Students line up in Frist Campus Center to receive the meningitis B vaccine.
Amaris Hardy/Office of Communications
With eight cases reported in eight months, thousands of students receive vaccine
Students line up in Frist Campus Center to receive the meningitis B vaccine.
Students line up in Frist Campus Center to receive the meningitis B vaccine.
Amaris Hardy/Office of Communications

The University announced that 5,268 people were vaccinated in December as part of an attempt to stop the spread of meningitis B, a strain that has infected seven Princeton undergraduates and one visiting high school student since March. The total was 91 percent of those eligible for the vaccine.

The vaccine, known as Bexsero, is used in Europe and Australia but has not been licensed in the United States. Upon a recommendation from the Centers for Disease Control and Prevention, however, and with approval from the U.S. Food and Drug Administration, the University has made it available to three groups: all undergraduates; graduate students living in undergraduate dormitories, the Graduate College, or its annexes; and others in the University community who are at special risk, such as those with weakened immune systems.

The first doses of the vaccine were administered Dec. 9–12, and a booster dose will be given in February. Bexsero, which is manufactured by the Swiss pharmaceutical company Novartis, is being offered free of charge and was paid for from the University’s contingency fund, President Eisgruber ’83 said at a Dec. 9 meeting of the Council of the Princeton University Community.
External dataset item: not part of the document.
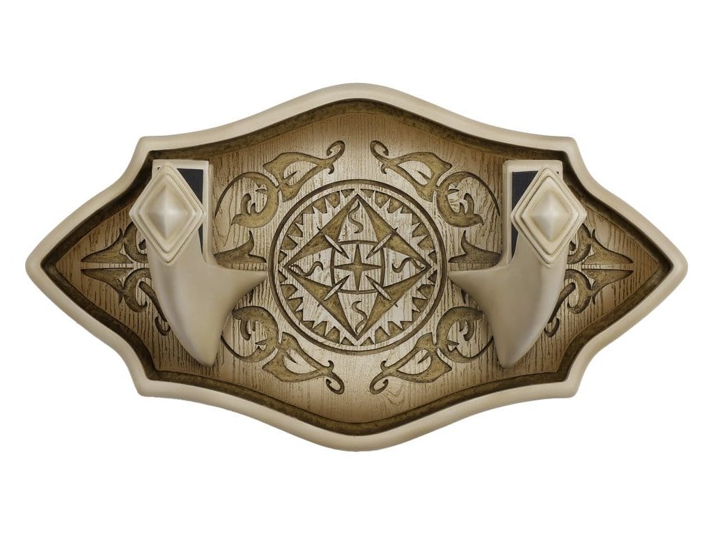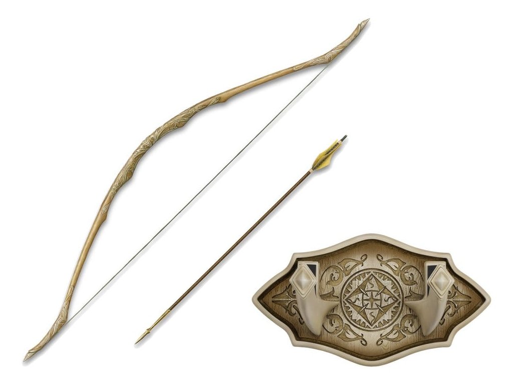 Tato replika luku Legolase ™ z Lothlorienu, jak je vidět ve filmech Pán prstenů ™, zachycuje krásu a řemeslnou dovednost elfské zbraně, kterou mu darovala Galadriela ™. Je vyrobena ze výztužné polyresiny se složitým vyřezáváním elfských listů a přesným zabarvením a je dodávána s replikou šípu o délce 38 palců a stěnným displejem z politonu, na kterém je znak Legolasovy rodiny. Každý luk obsahuje certifikát pravosti, což ho činí nezbytným pro sběratele. Detaily: Celková délka: 96,52 cm.

Princeton has imported 12,000 doses.

“Get the vaccine” was the video message from four students who contracted meningitis: from left, Michael Moorin ’16, Adam Millar ’15, Peter Carruth ’14, and Lillie Telljohann ’14.
“Get the vaccine” was the video message from four students who contracted meningitis: from left, Michael Moorin ’16, Adam Millar ’15, Peter Carruth ’14, and Lillie Telljohann ’14.
“Princeton Against Meningitis” video

Although New Jersey requires all college students living in dormitories to be vaccinated against meningitis, the vaccines available in this country do not protect against meningitis B. Because the meningitis B vaccine does not contain live virus, there is no risk that anyone will contract the disease from receiving the vaccine, said Robin Izzo, the University’s director of environmental health and safety.

Four of the eight students who have contracted meningitis B appeared in a short video, produced by the Student Health Advisory Board and posted on the University’s website, urging their classmates to get the vaccine.

“It’s just stupidity not to get it,” Frances Steere ’16 said at Frist Campus Center shortly after receiving her shot.

The University also has urged all students to take precautions against contracting or spreading the disease, such as washing hands regularly, covering their mouths when coughing, and not sharing drinking cups or eating utensils.

The first local case was reported on March 25 and the most recent on Nov. 21. Seven of the eight students have recovered fully; the eighth was still receiving treatment in mid-December. Four cases of meningitis B also were reported at the University of California, Santa Barbara; CDC officials said they were not related to the outbreak at Princeton.

Meningitis, an inflammation of the membranes surrounding the brain or spinal cord, can be spread only by close physical contact or an exchange of bodily fluids such as saliva. Symptoms of meningitis B include a stiff neck, high fever, vomiting, rashes, and sensitivity to light. Untreated, it can cause brain damage, paralysis, hearing loss, or severe tissue damage in hands and feet. Meningitis B accounted for one-third of the 480 reported cases of meningitis in the United States in 2012, according to the CDC.

In a conference call with reporters, CDC officials said they did not believe Princeton students posed a risk of spreading the disease to others, such as friends or family, when they left campus over break.